Die junge Autorin Katharina Höftmann bietet uns einen klassischen Whodunnit mit allem Zipp und Zapp in ungewöhnlichem Setting, nämlich in Tel Aviv, der inoffiziellen Hauptstadt und dem schillernden Zentrum des israelischen Nachtlebens. Wer packend und eloquent formulierte, atmosphärische Krimis liebt, der ist mit Höftmanns erstem Krimi gut bedient.

Worum geht es? Eine junge Frau wird tot in einer Sprachenschule aufgefunden. Kommissar Assaf Rosenthal, eine Art israelischer James Bond und ehemaliger Armeeoffizier, ganz neu im Polizeidienst, ermittelt. Dabei tun sich Abgründe auf - genauso faszinierend ist allerdings das Drumherum, sein Team und die im Zusammenhang mit dem Mord auftauchenden Figuren, von denen jede einzelne ungeheuer plastisch und authentisch rüberkommt.

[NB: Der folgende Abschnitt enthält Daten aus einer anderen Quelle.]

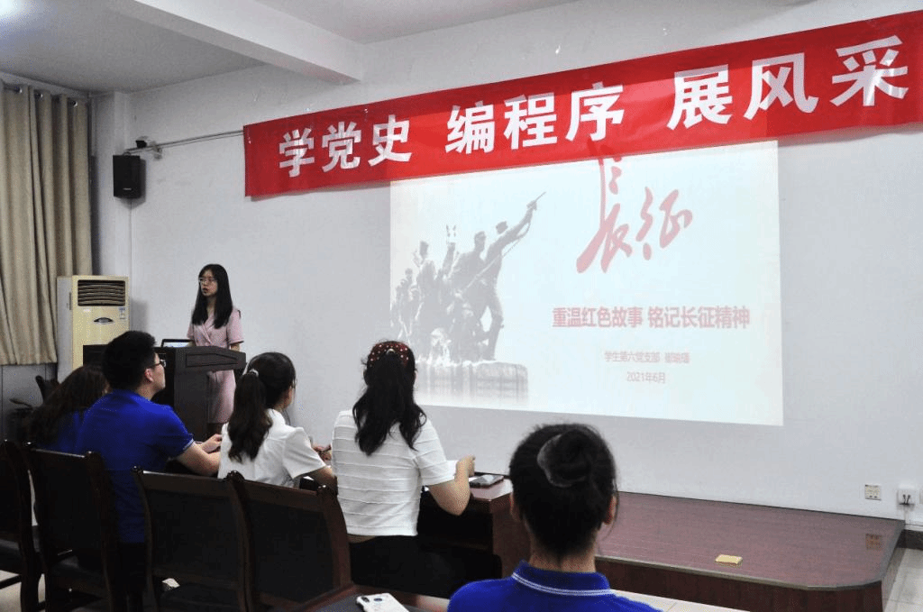 2021年6月30日晚,万象城官网第六党支部在文津楼3412报告厅开展支部书记讲党课活动。支部书记崔瑜璠以“重温红色故事,铭记长征精神”为主题带领支部全体成员探寻红军长征原因,回顾红军长征历程,传承长征精神。

Der Auftakt zu einer Serie, wie die Autorin bereits angekündigt hat. Ich für meinen Teil bin trotz kleiner Abstriche, die vor allem die sich schon recht früh abzeichnende Auflösung des Falles und den in meinen Augen etwas zu sehr in den Mittelpunkt gestellten und dadurch vom Mord ablenkenden Auftritt des Kommissars als Frauenheld betreffen, bereits jetzt ein Riesenfan der Krimis von Katharina Höftmann! Die Autorin hat mit ihrem neuen Krimi eine Lücke auf dem deutschen Krimimarkt gefüllt und kann trotz der erwähnten kleinen Schwächen bereits jetzt mit so großartigen deutschen Krimiautoren wie Nele Neuhaus oder Siegfried Langer mithalten. Ich jedenfalls fiebere dem nächsten Werk aus der Feder dieser Autorin bereits jetzt entgegen!